Фолиант сам раскрылся, подсветив лицо молодого человека кроваво-красным. Появившееся заклинание было большим, и Лунослав приготовился к болезненной трансформации горла.
— Будь готов! — предупредил Булат, выступая вперед. — Если верить Копченому, мертвячка свою сельхозподелку метнет в нас!
Покойница злобно открыла рот, показав черные зубы, и действительно швырнула в них свою жуткую косу. Однако Булат невозмутимо поймал ее. Рукоятка косы была чертовски ледяной, словно холодная нога трупа.
Тем не менее Булат гордо поднял свою добычу над головой:
— Ха, красотуля!
Неожиданно коса в его руках коварно сделала оборот, и сотрудники бюро отпрыгнули в разные стороны, избегая удара зазубренного лезвия. Рядом с Булатом упал Черномикон. Покойница тотчас поползла к косе — мертвенно, неторопливо, делая синим ногтем по рельсе вот так — тук-тук!
— Булат! Читай! — проорал Лунослав, пытаясь выпутаться из кустов.
Тук-тук!
— Что читать?! Тут же ни хрена нет! — отозвался Булат и яростно заморгал, силясь разглядеть в Черномиконе хоть букву.

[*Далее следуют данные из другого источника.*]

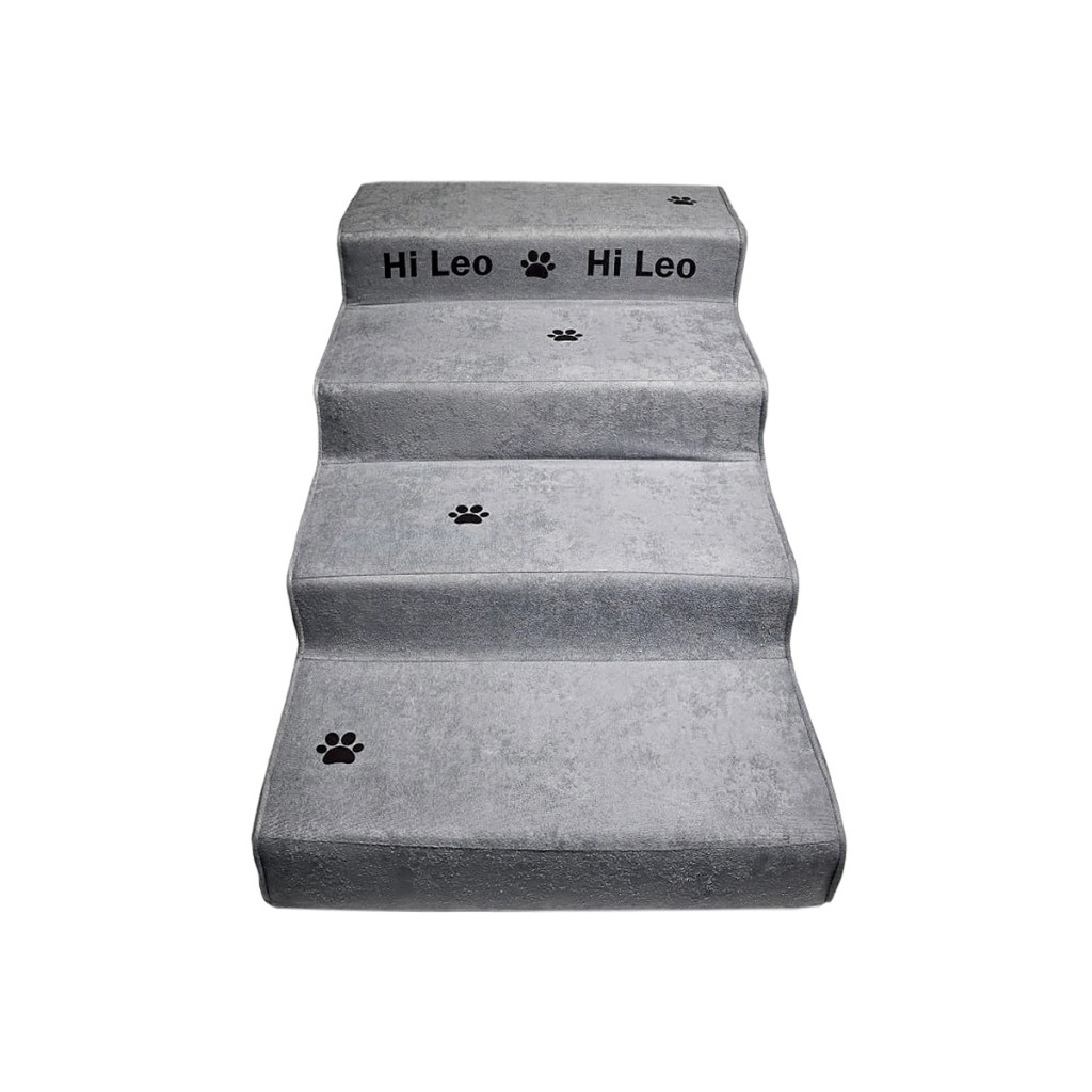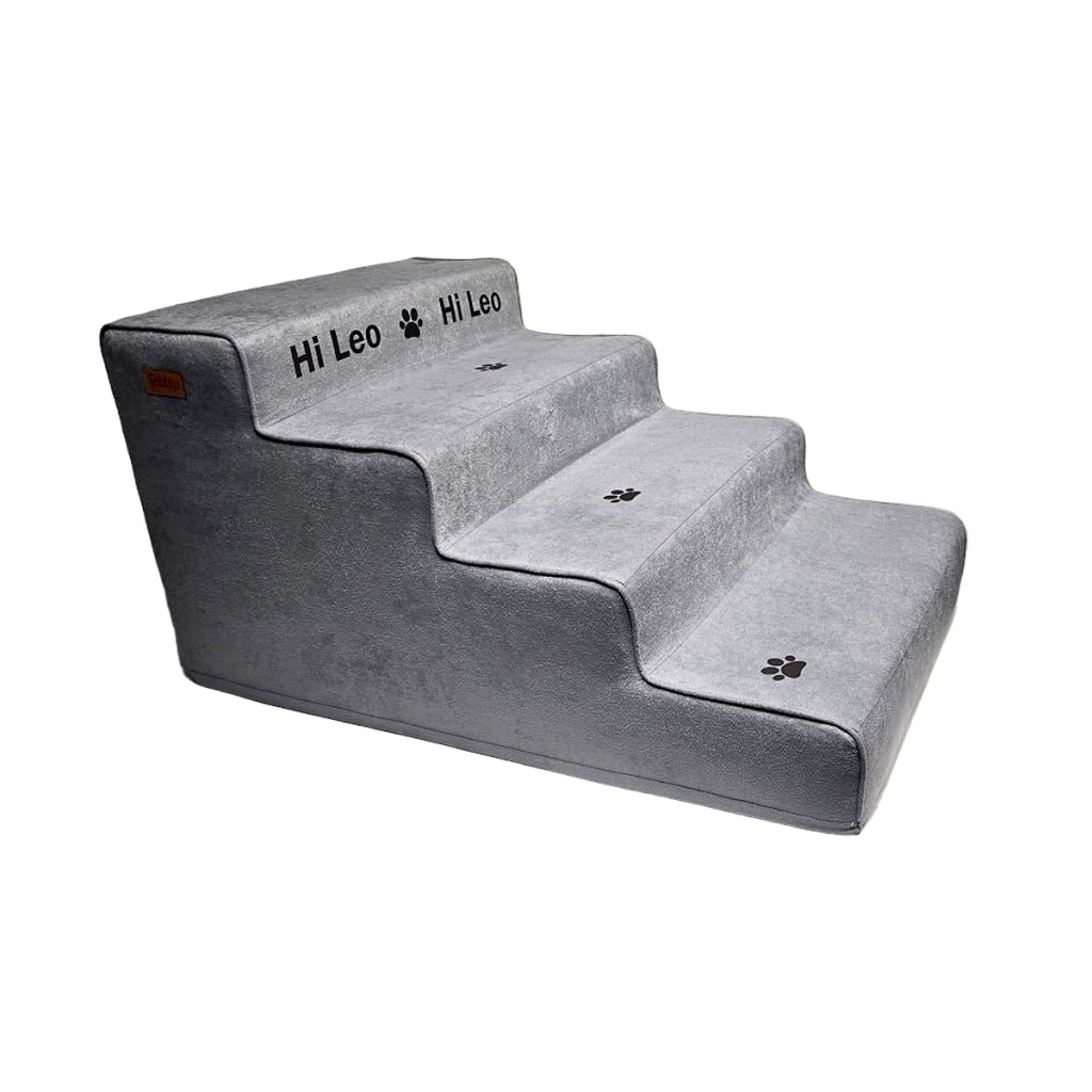 پله VIP سگ با طراحی سفارشی ۴ پلهای، رنگ طوسی، چاپ اسم پت، مناسب وزن بالای ۷ کیلوگرم. ساختهشده از متریال مقاوم و نرم، مناسب نژادهای کوچک و متوسط برای دسترسی راحت به مبل، تخت یا ماشین.
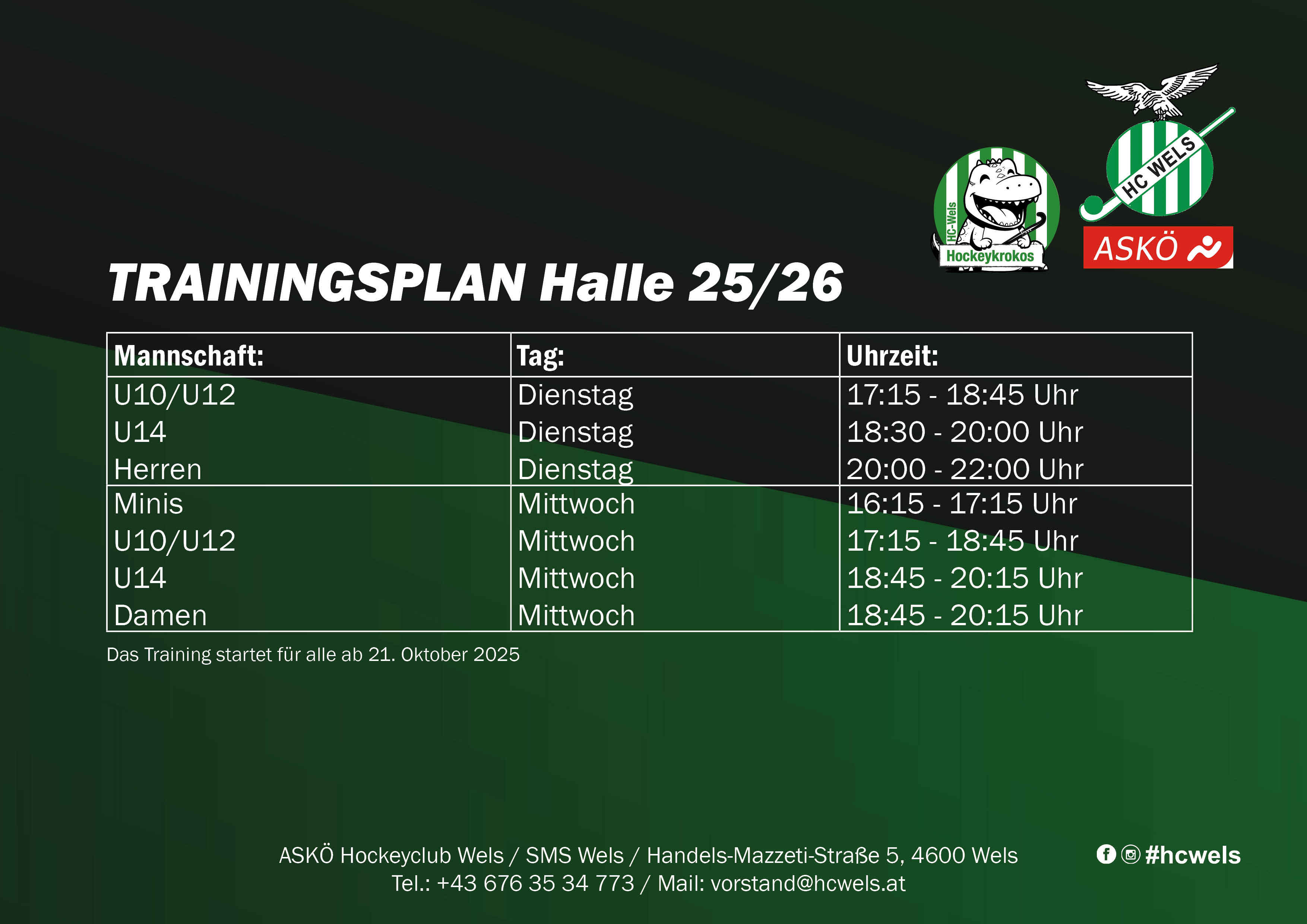Die offenen Spiele dieser Hallensaison werden in der SMS Wels (Handel-Mazzetti-Straße 5, 4600 Wels) ausgetragen.
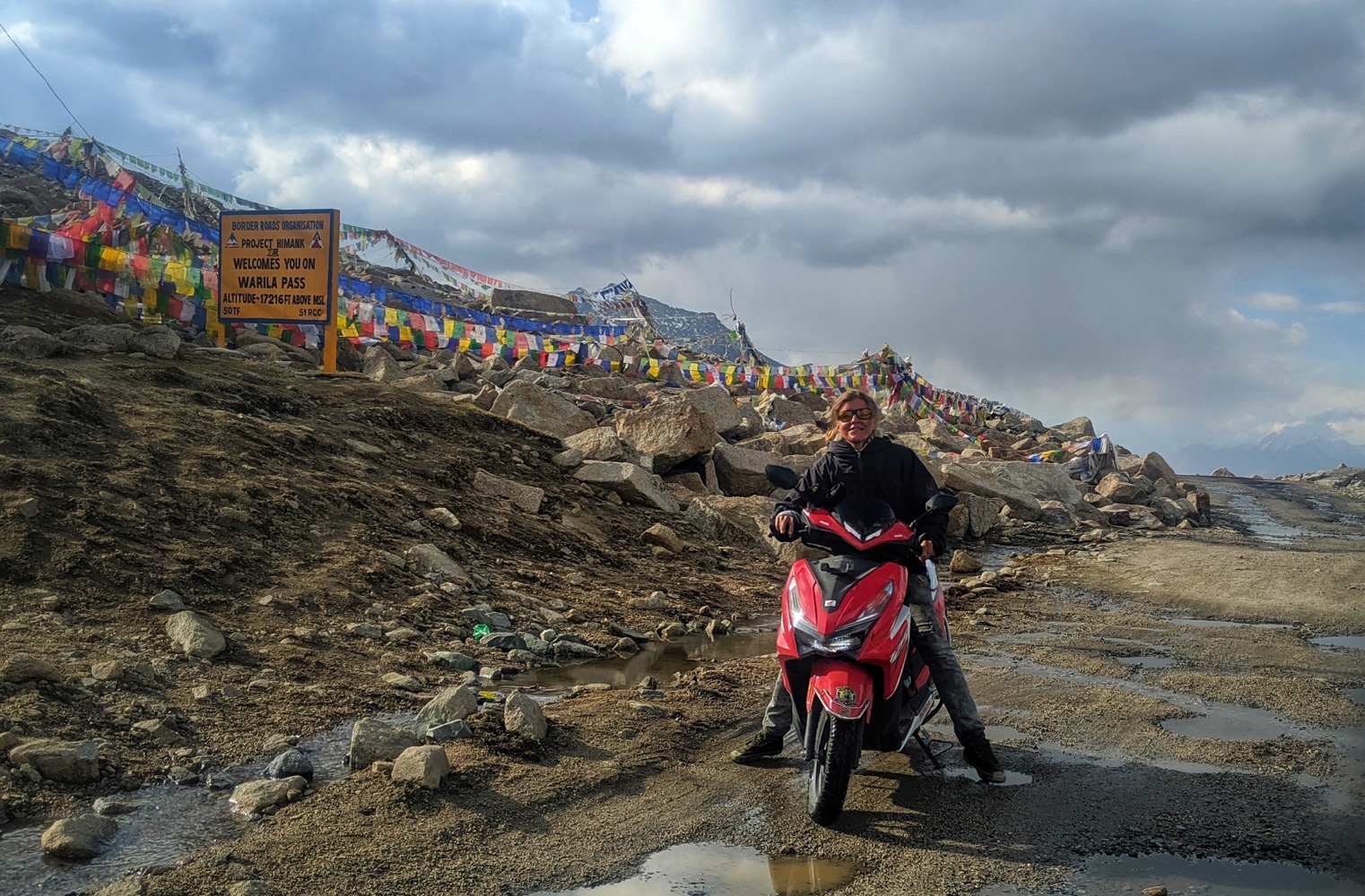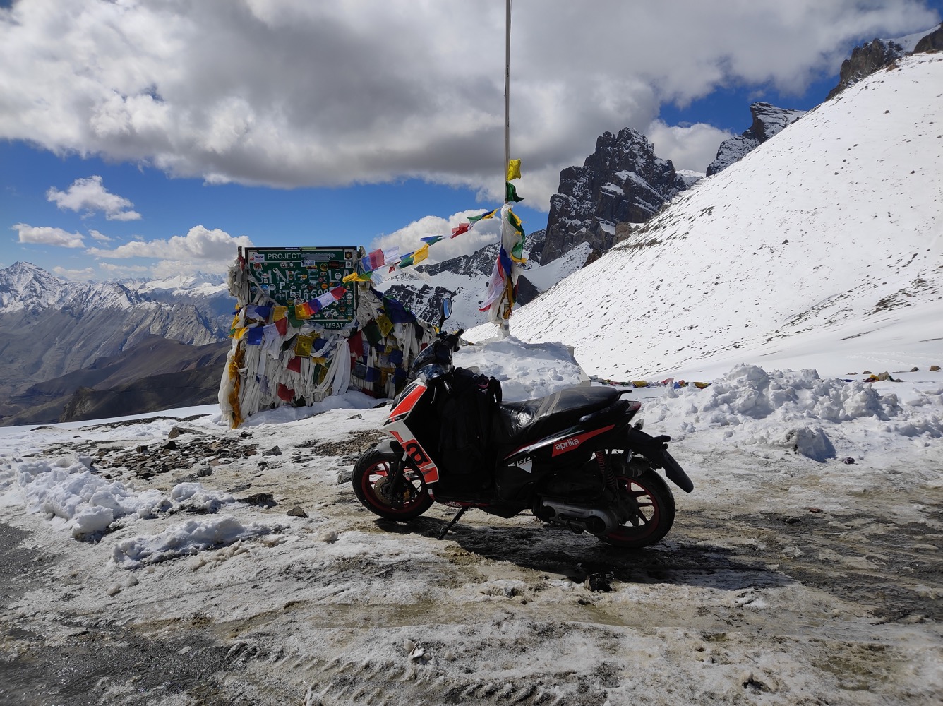 столбекубе, что он есть и повернули:Перевал кайфовый, совсем немного ниже КардунгЛа, но совершенно не популярный. За все время пока ехали вверх и вниз через него - встретили только двух индусов на энфилдах, которые очень за нас переживали, как мы вообще на скутика и как мы вообще узнали про эту дорогу:
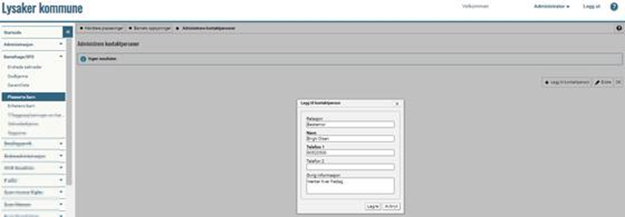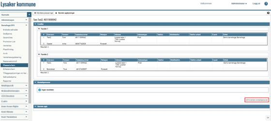 I vinduet som åpnes er en oversikt over informasjon om familierelasjoner og kontaktpersoner. Hvis du vil endre eller legge til en kontaktperson, trykk på Administrere kontaktpersoner:
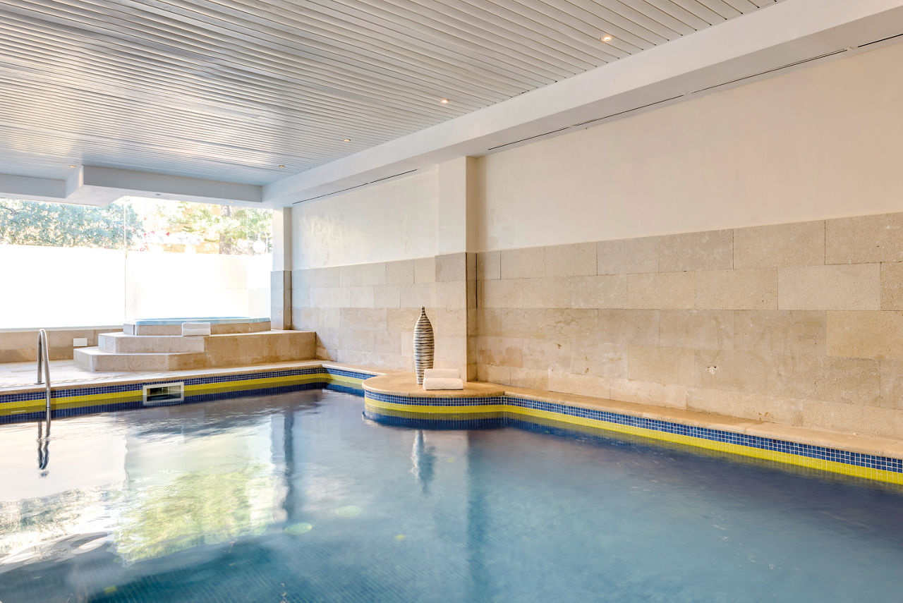 The outdoor swimming pool is free-form and has a lovely natural look to it. The indoor pool is heated when required.
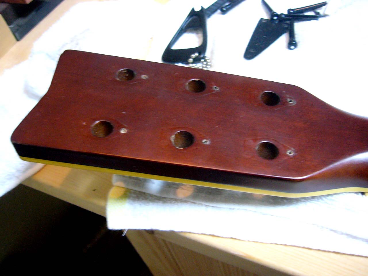 ペグを取り外し、清掃しています。ビスが少しゆるい箇所があったので、タイトボンドを少量入れています。 |
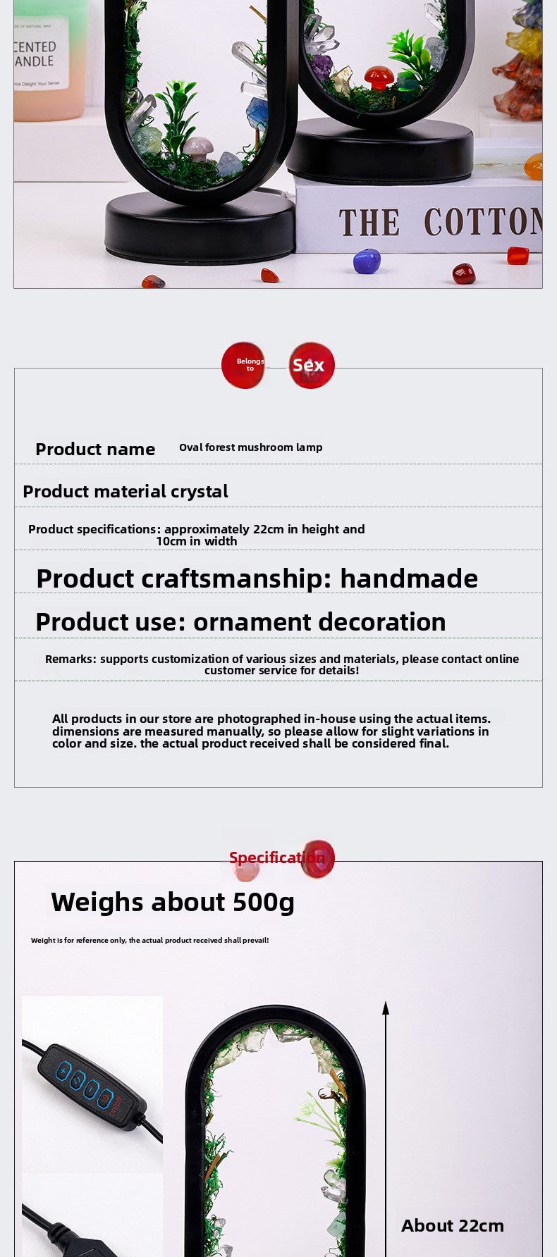 zensoullab Natural Crystal Raw Stone Oval Forest Mushroom Lamp Home Decoration Atmosphere Night Light Bedside Lamp Ornament

Однако страницы фолианта просто сочились красноватым светом, словно стоп-сигналы в пробке, ничего больше не делая и не являя.
— Не может быть! — не поверил Лунослав.
— На! — И Булат показал ему раскрытый Черномикон.
Лунослав ахнул: для него древние письмена фолианта были на месте.
— Ты не видишь их! — крикнул он.
— Чего? — не понял Булат.
Тук-тук!
— Символы — ты не видишь их! — проорал Лунослав.
— Зато я всегда могу сделать вот так! — И Булат, выпрыгнув перед покойницей, ударил ее Черномиконом.
Однако ничего примечательного не произошло: взвывшая покойница никуда не делась. У Булата же — отвисла челюсть.
— Что?.. — изумился Лунослав, почти на карачках возвращаясь на рельсы.
— Уши на что! — передразнил его Булат и бросил ему Черномикон. — Читай, дрищ-колдун, что там у тебя было! И свети! Свети мне, солнышко!
После этого он напрыгнул на покойницу, заломил ей руку и постарался вжать головой в шпалу. Вторая половина трупа забеспокоилась, и Булат для острастки пнул ее ногой.
— На мне — пляски, на тебе — пение! — бодро проорал он Лунославу.
Тот с готовностью распахнул Черномикон: кроваво-красные буквы были на месте.
— Капризный! — укорил Лунослав фолиант и откашлялся.
Неожиданно жуткая коса взмыла в ночное небо и размашисто подлетела к хозяйке. Покойница наугад махнула ею, и на щеке Булата остался широкий порез. Молодой человек фыркнул и попытался вырвать косу — вместе с руками ее владелицы.